No one responds to his lamp signal. Hardly surprising. Anton has begun to suspect an immense drill, and his part in it a test of readiness. Well, he would damn well pass. But what would they do to Lupescu?
He rolls the lamp about, inspects the world at leisure, standing so close to the flame that his chest burns through his shirt, loving it. The tide has risen over the cleft in the sea rocks, but it is still there, leviathan-like beneath the waves, troubling their charge. And from this height he sees the whole garden and its stone residents, beyond Wagner’s gate: twisted Paganini, and scarecrow Prokofiev spindled between a pair of unhealthy lilacs. Farther back, yellow eyes glisten from a row of cages, mouths hang open. The dogs are watching him, like prisoners waiting to riot, tense with idiot hate.
They howl. Let them howl. Hot, hot to the edge of pain, Anton smiles over his country, his palace, his lovely Black Sea—and then he sees the girl, and shrieks aloud.
She is standing on an iceberg, making swiftly toward the palace over the waves: a young girl, with ice crystals in her hair like white jewels, and her colorless eyes brighter than these. She is regal and coldly smiling, her arms are bare and slender. He lunges for binoculars: she wears a robe of frozen teardrops, frozen baby’s breath, frozen eighth notes. He thinks, Something is going to happen to me.

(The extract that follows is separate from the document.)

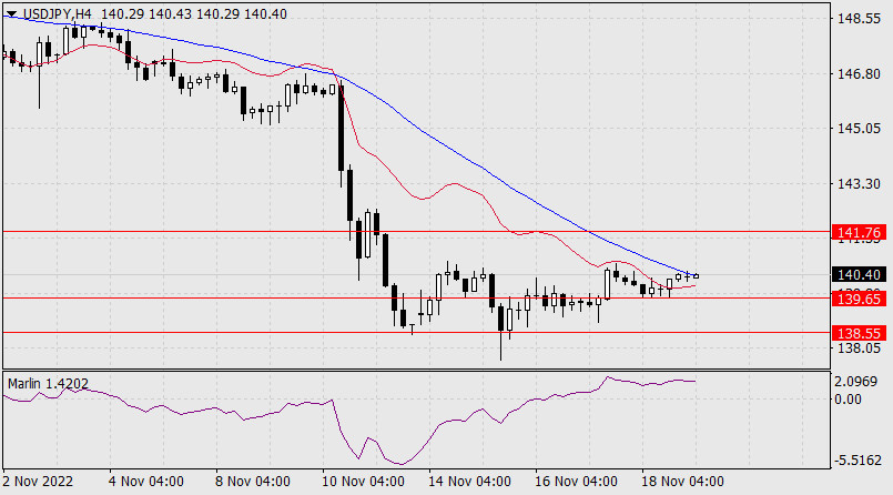 Harga sedang mencoba menembus garis MACD pada grafik empat-jam. Pembalikan ke bawah darinya merupakan dasar untuk pembalikan harga saat ini dari level saat ini. Jalan ke 141,76 akan terbuka ketika harga menetap di atas garis MACD. Garis sinyal Marlin Oscillator bergerak hampir secara horizontal, netral. Kami menunggu perkembangan.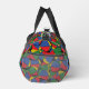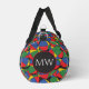Farbenfrohe Jonggler-Bälle gemusterte Duffeltasche, mit einem Monogramm-Bereich an einem Ende, um Ihre eigenen Initialen oder Text hinzufügen

When she draws near the cliff, the clouds roll solemnly back, and one leaps rippling down to become a white stairway from her feet to the window of the tower. She starts to glide up to him, effortless, and her voice precedes her in a velvet singsong. He has never heard a thing so beautiful.
Anton touches his lamp. Its heat is distant.
She is almost to him, a girl in full flower—but her skin is the blue-white of the iceberg. Her hand is on the window. He has not unlatched it.
She pauses, and then a new, kinder smile plays on her lips. They shape two words:
Don’t wait.
Her breath paints ice crystals on the glass.
Still, he does not move. He is scared out of his mind. But the beautiful girl only watches him with greater compassion. She knows everything about him. She is for him. She is the Empress of Antarctica’s daughter.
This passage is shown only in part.